Whether dialog's magic sizing and positioning can be done by CSS is a good question for @tabatkins and others. My impression is dialog positioning is stateful, the HTML spec says (vaguely) to do it when what Blink would call a layout object is created for it. CSS tends not to be stateful in that way.
I think inert should not be expected to explain dialog in general, but it should work consistently with how dialog inertness works. I'm fine with that being layered: dialog built on toplayer + ::backdrop and having toplayer + ::backdrop affect inertness. But the reality of the HTML spec today is that dialog interacts directly with inert.
I think the explainer would be clearer if it separated two things. One is the concept of inertness, which is a property of nodes, and effects things like "how does this appear to accessibility tech?" In this sense of "inert" I think the statements the explainer makes about dialog, like being an implementation prerequisite, make sense.
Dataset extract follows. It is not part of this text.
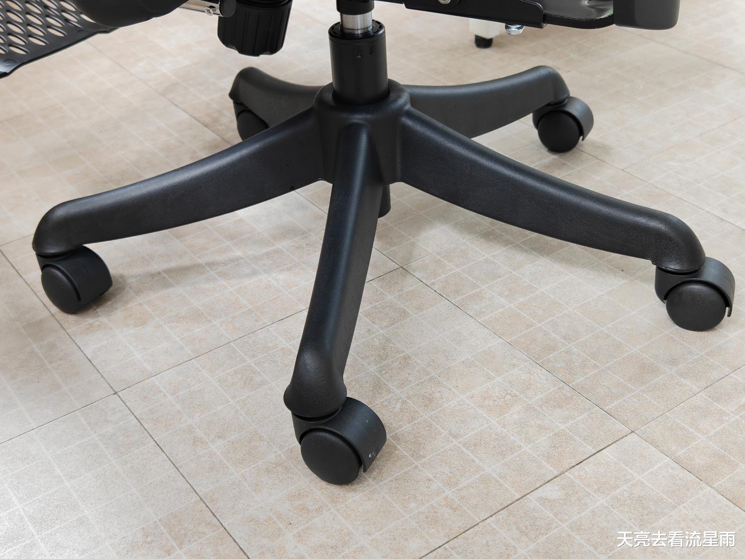 夏草木Fit2人体工学椅支脚采用五爪设计,可以承重200KG,像我老婆试躺总担心会翻倒的情况基本上不会出现的。底部轮子采用静音滚轮,能360°旋转,室内移动不用费力气搬,推着走就行。整个椅子也是可以360°旋转,久坐累了原地转转圈也是个不错的放松。

Then there's a second concept, the inert attribute, and how it sets the inertness property of a subtree. In this sense a lot of the statements about inert polyfilling dialog seem dubious to me. For example, I don't think the inert attribute is useful for polyfilling dialog. The DOM structure constraints the inert attribute put you under will "break" CSS selectors and you will need to polyfill CSS to undo that breakage.
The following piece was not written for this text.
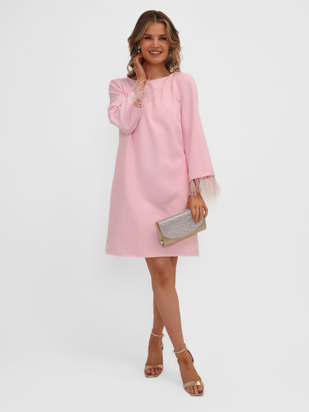 The Dakota Mini Shift Dress captures Kate & Pippa's essence of refined elegance through thoughtfully curated details. A commanding bow adorns the back whilst delicate sheer sleeves with feather-trimmed cuffs add an air of sophistication. Cut in a flattering mini shift silhouette with a V-back neckline, this dress is crafted from premium fabric that falls with graceful fluidity. Perfect for weddings and evening occasions, style with nude heels and bold jewellery for an understated yet memorable impression.

I also think you can't polyfill dialog without toplayer/blockingElements. Without toplayer the polyfill-dialog will have to be a child of body to be rendered, and with the inert attribute I'm not sure there's a way to make text node children of body be inert without also making the polyfill-dialog be inert. Can shadow DOM do it by a slot being inert?
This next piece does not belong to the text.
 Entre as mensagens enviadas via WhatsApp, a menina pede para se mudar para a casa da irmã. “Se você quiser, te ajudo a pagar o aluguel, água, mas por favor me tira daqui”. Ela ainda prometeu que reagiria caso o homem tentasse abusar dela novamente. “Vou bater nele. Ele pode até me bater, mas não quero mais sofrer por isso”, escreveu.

I'm wondering the same kind of things about the explainer's claim that inert is useful for polyfilling blocking elements. The impression I get is that inert is sufficient to polyfill dialog and toplayer but I don't think that is intended.
My $0.02: I think I could understand the explainer more readily if it separated the inert bit on content from the inert attribute, and focused more on the positive use case of offscreen, hidden and non-interactive content. That dialog and blocking elements may also "set" the inert bit is an important technical detail to consider.